If I toss $n$ coins and you toss $n + m$, what is the probability you'll have more heads?

Question

My intuition is that it's the probability that you get at least 1 head in your extra $m$ tosses. Basically on the first $n$ tosses we have equal chance of winning so let's not even count those and only bet on the $m$ extra ones you have.

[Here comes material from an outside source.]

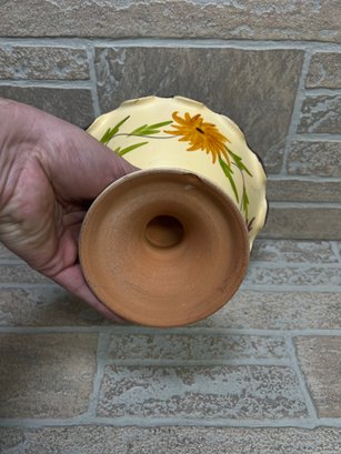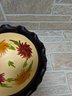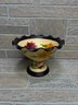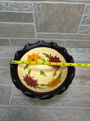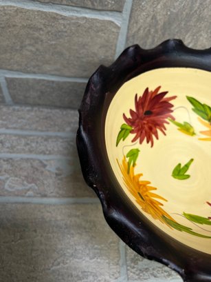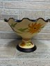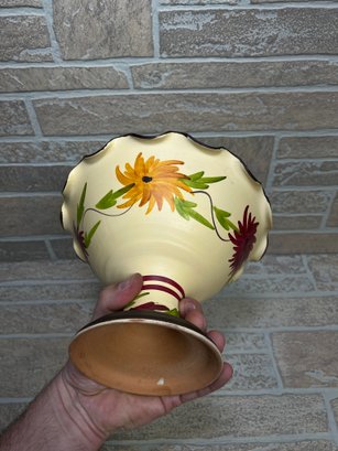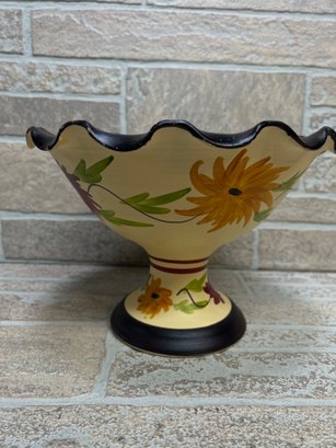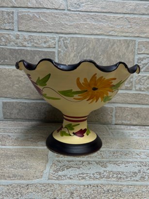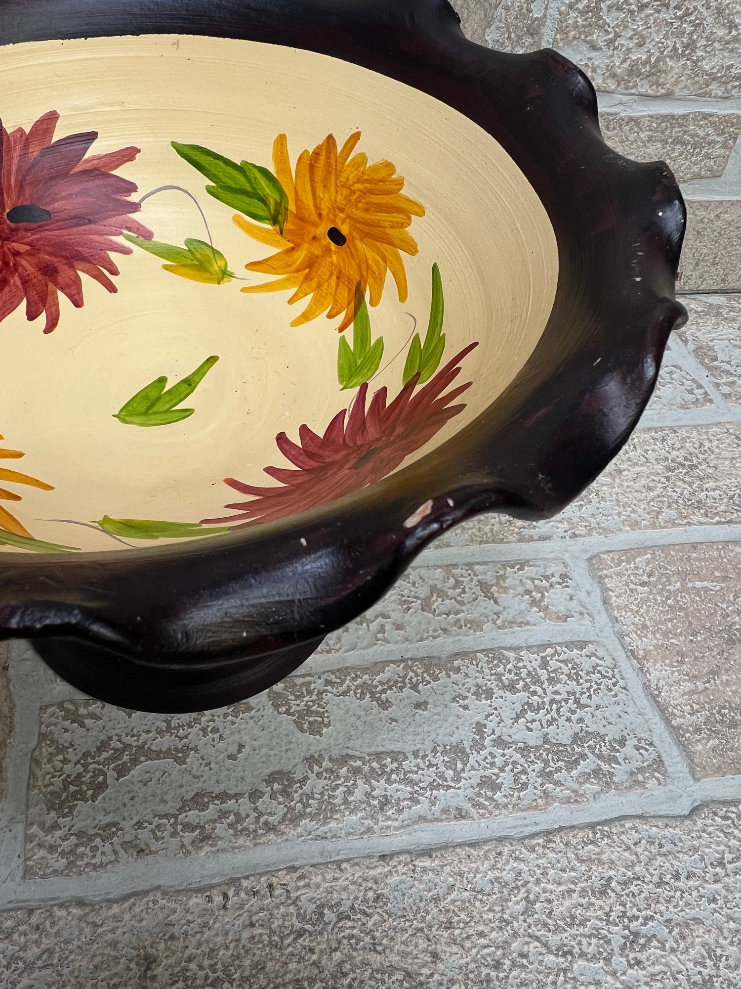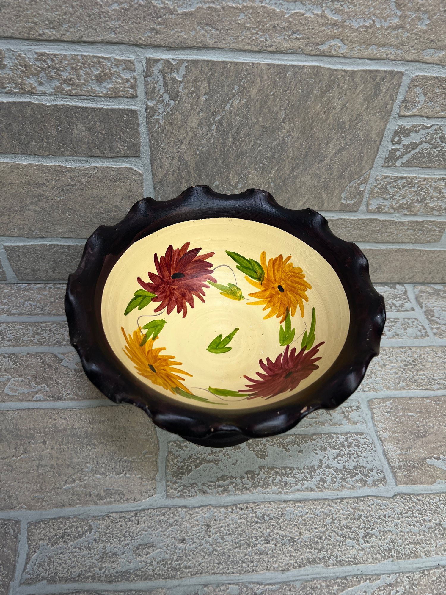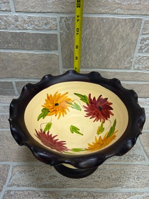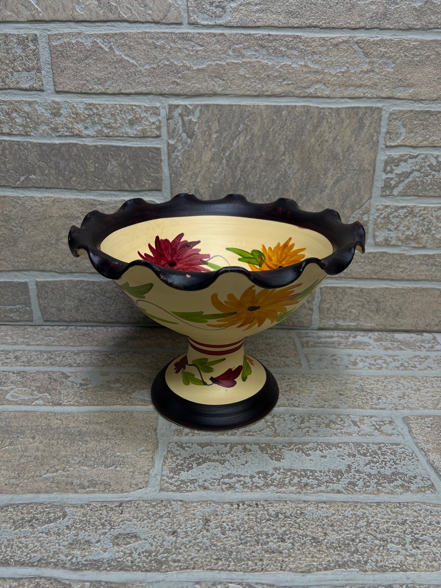 Beautiful hand-painted pedestal bowl featuring a floral motif with red and yellow flowers and green leaves on a cream background. The bowl has a scalloped, ruffled edge with a dark accent rim, giving it a classic country or farmhouse-style look.

I haven't been able to formalize this. My closest attempt is that this probability is

$$P(M + N_2 > N_1) = P(M >N_2-N_1)=E[I(M>N_2-N1)]$$

where $M$ is the random variable for the number of heads in your extra coins, $N_2$ is for the heads in your first $n$ tosses and $N_1$ for mine. I don't know what to do with that indicator variable but I believe the solution lies that way.

Answer 1

Let $M_2 \sim Bin(n+m, p)$

Let $N_1 \sim Bin(n,p)$

\begin{align}P(M_2 > N_1)&=\sum_{i=0}^nP(M_2>N_1|N_1=i)P(N_1=i)\\ &= \sum_{i=0}^n\sum_{j=i+1}^{m+n}\binom{m+n}{j}p^j(1-p)^{m+n-j}\binom{n}{i}p^i(1-p)^{n-i}\\ &=\sum_{i=0}^n\sum_{j=i+1}^{m+n}\binom{m+n}{j}\binom{n}{i}p^{i+j}(1-p)^{m+2n-i-j}\end{align}

Answer 2

Let event $A$ be the number heads in $n$ flips and let event $B$ be the number of heads in $n+m$ flips. Then we wish to calculate $\Pr(B>A)$. So we condition on the value of $A$ to get $$ \begin{align*} \Pr(B>A)&=\sum_{i=0}^n \Pr(A=i)\cdot Pr(B>i\;|\;A=i)\\ &=\sum_{i=0}^n \sum_{j=i+1}^{n+m} \Pr(A=i)\cdot \Pr(B=j\;|\;A=i)\\ &=\sum_{i=0}^n \sum_{j=i+1}^{n+m} \Pr(A=i)\cdot \frac{\Pr(B=j\;\cap\;A=i)}{\Pr(A=i)}\\ &=\sum_{i=0}^n \sum_{j=i+1}^{n+m} \Pr(A=i)\cdot\Pr(B=j). \end{align*} $$